For review verdict routing, query the decision runbook: exarchos_orchestrate({ action: "runbook", id: "review-escalation" })

This runbook provides structured criteria for routing between APPROVED and NEEDS_FIXES verdicts based on finding severity and fix cycle count. APPROVED transitions to synthesize; NEEDS_FIXES transitions back to delegate for a fix cycle. (BLOCKED routing is only relevant in plan-review, not here.)

MCP-Served Quality Check Catalog (Tier 2)

After Tier 1 MCP gates complete, execute the quality check catalog.
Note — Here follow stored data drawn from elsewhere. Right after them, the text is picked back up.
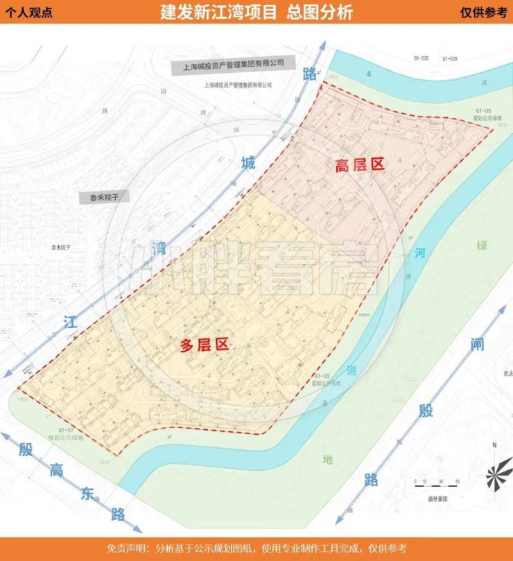 地块整体限高 40 米,实则以规划虚线为界形成差异化管控:北侧区域限高 40 米(对应不超过 13 层建筑),南侧大部分区域限高 20 米,形成北高南低的天然地势落差。
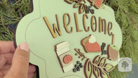 Fall Favorites "Welcome" Sign with Pumpkin Pie, Caramel Apple and Pumpkin Spice Latte
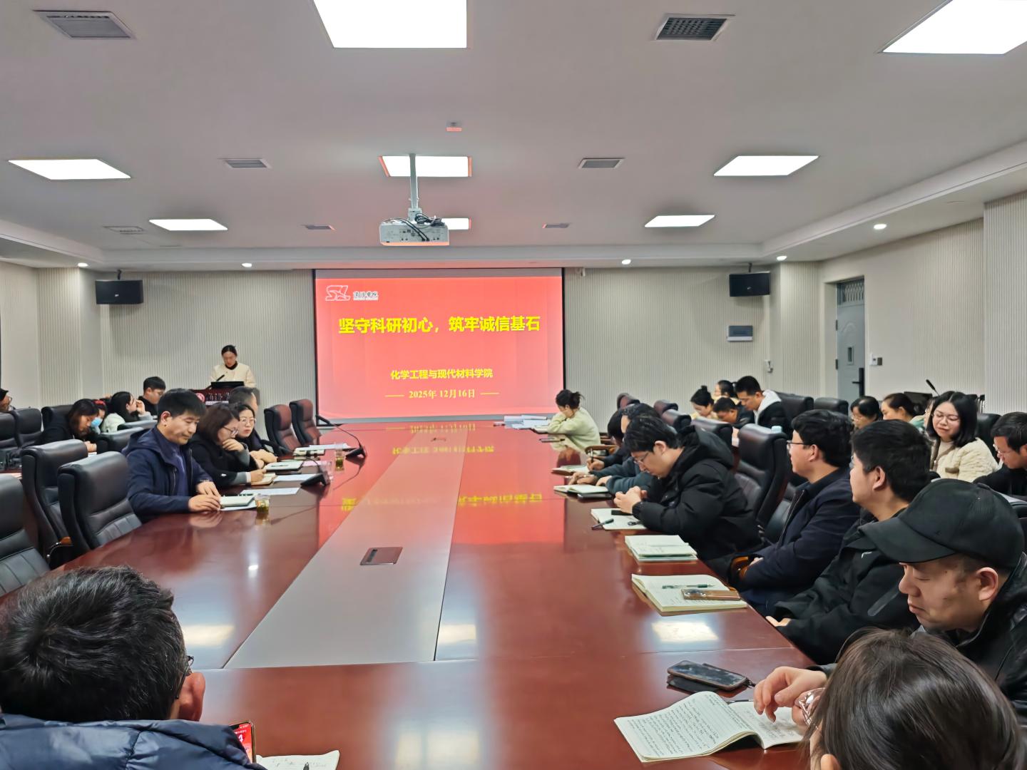 为深入贯彻落实教育厅关于撤稿论文自查及“回头看” 工作部署,全面强化科研人员学术道德素养,筑牢科研诚信防线,12月16日下午,学院组织全体教职工召开“坚守科研初心,筑牢诚信基石”科研诚信主题教育活动。活动由学院科研秘书侯小洁主持。

This provides deterministic quality checks (grep patterns, structural analysis) that run on any MCP platform — no companion plugins required.
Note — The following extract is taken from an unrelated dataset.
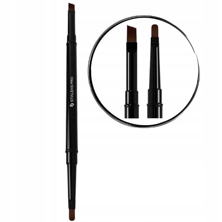 Staleks Pro Expert NBE-04/09 - це двостороння щітка, створена для максимальної точності та комфорту роботи. Він поєднує в собі овальний пензлик 7 мм для акуратного нанесення гелю навколо кутикули та кутовий пензлик 9 мм, який ідеально підходить для моделювання та роботи у важкодоступних місцях.

Step 2.5: Execute Check Catalog

exarchos_orchestrate({ action: "prepare_review", featureId: "<id>" })

The response contains:

catalog — structured check dimensions with grep patterns, structural thresholds, and heuristic instructions
findingFormat — the TypeScript interface for submitting findings
pluginStatus — which companion plugins are configured in .exarchos.yml

Execute each check in the catalog against the codebase:

grep checks: Run the pattern against files matching fileGlob
structural checks: Evaluate against the threshold (e.g., nesting depth, function length)
heuristic checks: Use judgment guided by the description

Collect all matches as findings in the format specified by findingFormat, then pass them as pluginFindings to check_review_verdict.

Companion Plugin Enhancement (Tier 3 — Platform-Dependent)
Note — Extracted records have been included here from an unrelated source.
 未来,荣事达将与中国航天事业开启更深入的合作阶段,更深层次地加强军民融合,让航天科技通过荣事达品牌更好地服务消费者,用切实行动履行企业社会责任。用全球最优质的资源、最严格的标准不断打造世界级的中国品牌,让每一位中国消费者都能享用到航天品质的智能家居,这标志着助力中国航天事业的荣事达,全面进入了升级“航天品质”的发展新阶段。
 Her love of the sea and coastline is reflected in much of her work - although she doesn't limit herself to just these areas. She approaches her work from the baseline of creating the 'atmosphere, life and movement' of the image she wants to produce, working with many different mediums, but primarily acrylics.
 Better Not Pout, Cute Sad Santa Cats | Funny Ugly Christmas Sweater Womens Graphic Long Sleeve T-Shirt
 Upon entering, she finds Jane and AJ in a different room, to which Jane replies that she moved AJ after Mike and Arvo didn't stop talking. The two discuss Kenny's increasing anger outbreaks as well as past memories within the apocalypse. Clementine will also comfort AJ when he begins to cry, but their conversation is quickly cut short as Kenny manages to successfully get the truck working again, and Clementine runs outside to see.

On platforms with skill support (Claude Code, Cursor), the orchestrator may additionally invoke impeccable:critique for deeper qualitative analysis. These findings are also passed as pluginFindings.

Convergence & Verdict

Query convergence status and compute verdict via orchestrate. See references/convergence-and-verdict.md for full orchestrate calls, response fields, and verdict routing logic.

Summary: check_convergence returns per-dimension D1-D5 status. check_review_verdict takes finding counts and optional pluginFindings array (from catalog execution and companion plugins), emits gate events, and returns APPROVED or NEEDS_FIXES.

Auto-Transition

All transitions are automatic — no user confirmation. See references/auto-transition.md for per-verdict transition details, Skill invocations, and integration notes.

Recording Results

Before transitioning, record the review verdict. The reviews value MUST be an object with a status field, not a flat string:

APPROVED:

exarchos_workflow({ action: "update", featureId: "<id>", updates: {
  reviews: { "quality-review": { status: "pass", summary: "...", issues: [] } }
}})
exarchos_workflow({ action: "transition", featureId: "<id>", target: "synthesize" })

Then invoke {{COMMAND_PREFIX}}synthesize.

NEEDS_FIXES:

exarchos_workflow({ action: "update", featureId: "<id>", updates: {
  reviews: { "quality-review": { status: "fail", summary: "...", issues: [{ severity: "HIGH", file: "...", description: "..." }] } }
}})

Then invoke {{COMMAND_PREFIX}}delegate --fixes.

Gate events: Do NOT manually emit gate.executed events via exarchos_event. Gate events are automatically emitted by the check_review_verdict orchestrate handler. Manual emission causes duplicates.

Guard shape: The all-reviews-passed guard requires reviews.{name}.status to be a passing value (pass, passed, approved, fixes-applied). Flat strings like reviews: { "quality-review": "pass" } are silently ignored and will block the review → synthesize transition.